Name Type Description Default
band int

The band you want to get its data. If None, data of all bands will be read. Default is None.

None
window List[int] | GeoDataFrame

Specify a block of data to read from the dataset. The window can be specified in two ways:

  • List: Window specified as a list of 4 integers [offset_x, offset_y, window_columns, window_rows].

    • offset_x/column index: x offset of the block.
    • offset_y/row index: y offset of the block.
    • window_columns: number of columns in the block.
    • window_rows: number of rows in the block.
  • GeoDataFrame: GeoDataFrame with a geometry column filled with polygon geometries; the function will get the total_bounds of the GeoDataFrame and use it as a window to read the raster.

None
chunks (int | tuple | dict | str | None, keyword - only)

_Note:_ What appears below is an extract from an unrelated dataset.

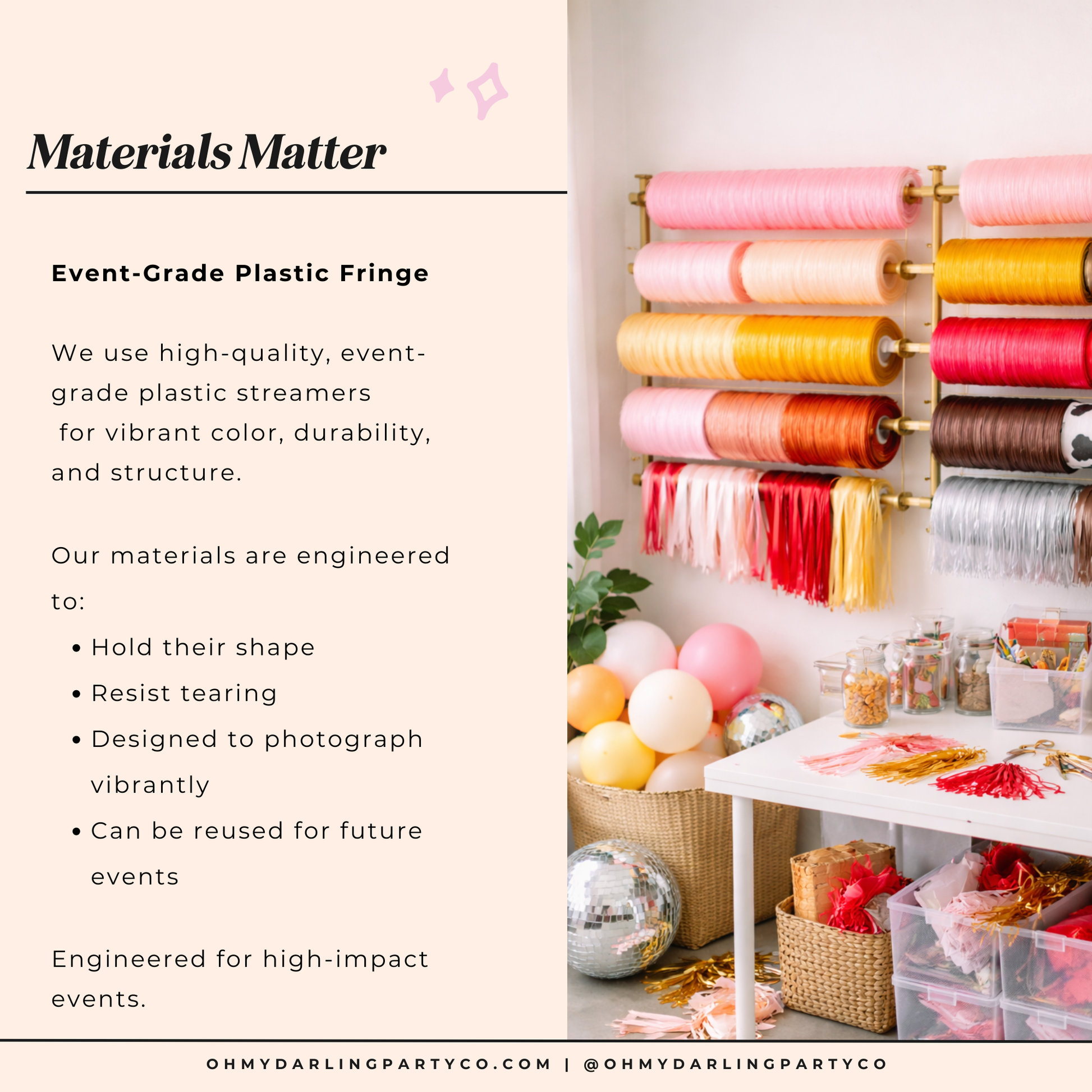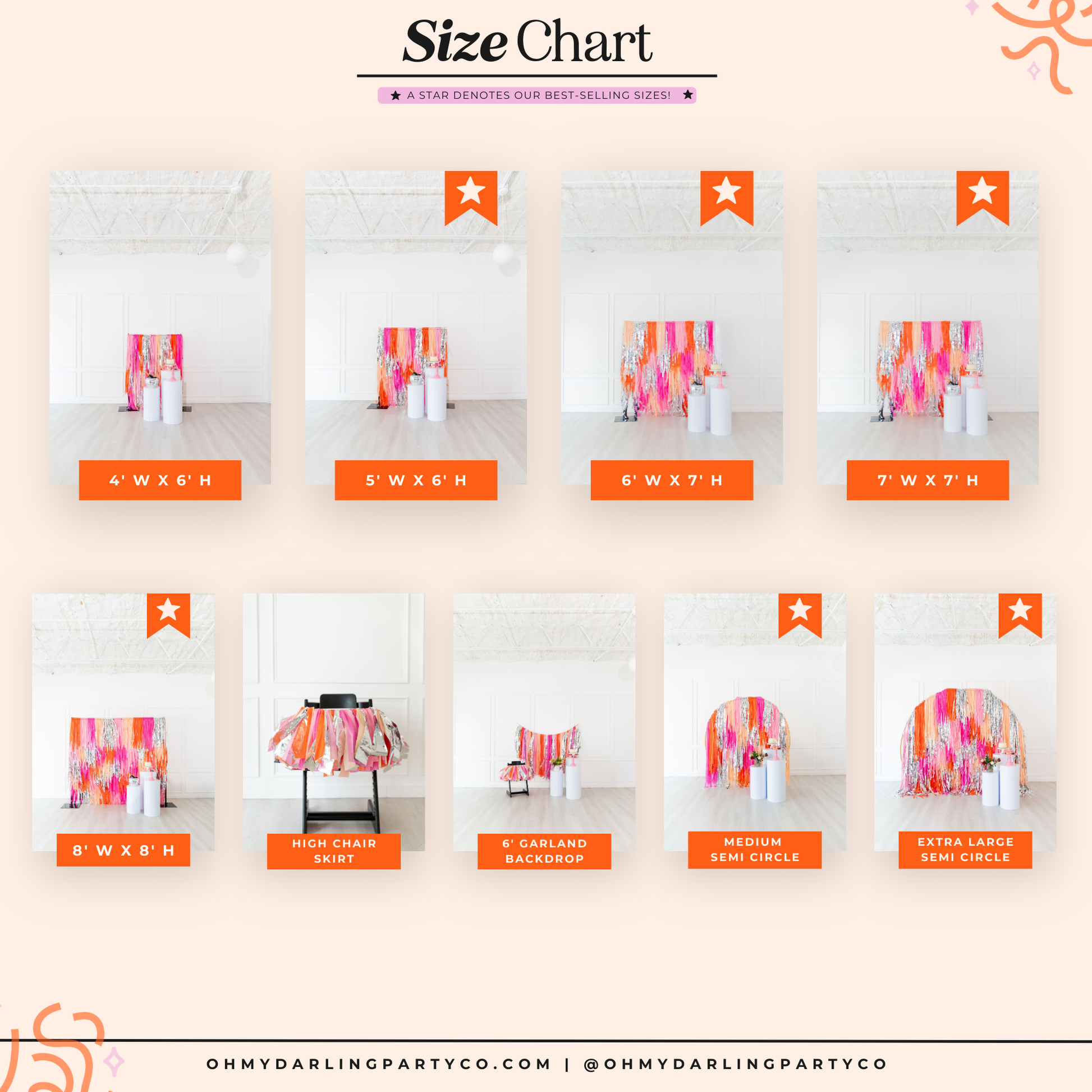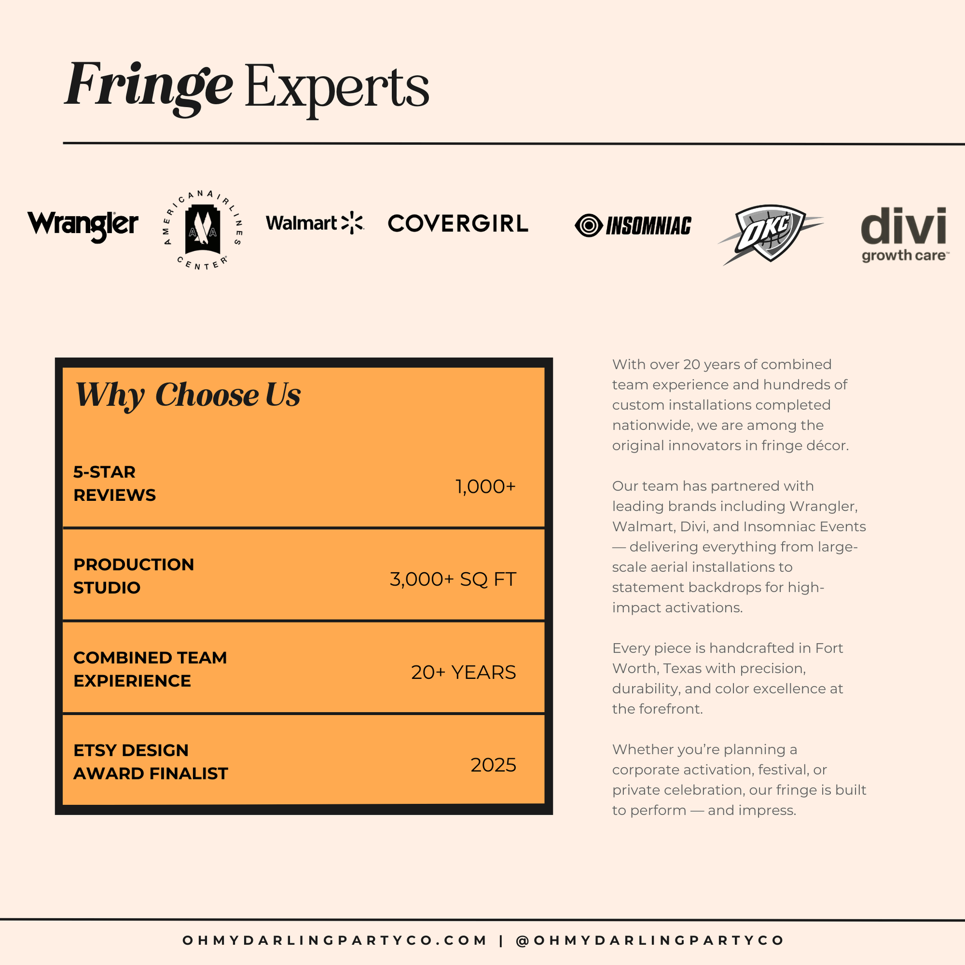 Returns: While we don’t take returns on any of our fringe products, we totally get that sometimes things don’t go as planned. Just shoot us an email at care@ohmydarlingpartyco.com, and our sparkling customer service team will swoop in to save the day. We’ve got your back every step of the way. 💖

Controls the backing array type. None (the default) preserves the eager numpy path — no behavior change relative to earlier releases, and dask is not imported. Any other value switches to a lazy :class:dask.array.Array whose blocks are materialized on demand via a pickle-safe chunk reader:

  • "auto" lets dask pick chunk shapes that keep each block near the default dask chunk-byte target while aligning with the on-disk block layout.
  • -1 produces a single chunk that covers the whole array — useful to defer the read but materialize in one shot.
  • An int (e.g. 512) applies to every dimension.
  • A tuple (e.g. (1, 512, 512)) gives per-dimension sizes.
  • A dict (e.g. {0: 1, 1: 512, 2: 512}) maps dimension index to chunk size.

When chunks is non-None and dask is not installed, :class:ImportError is raised pointing at the [lazy] extra. window is not supported together with chunks; raise :class:ValueError otherwise.

None
lock (optional, keyword - only)

Thread / process lock guarding concurrent GDAL reads of the same handle.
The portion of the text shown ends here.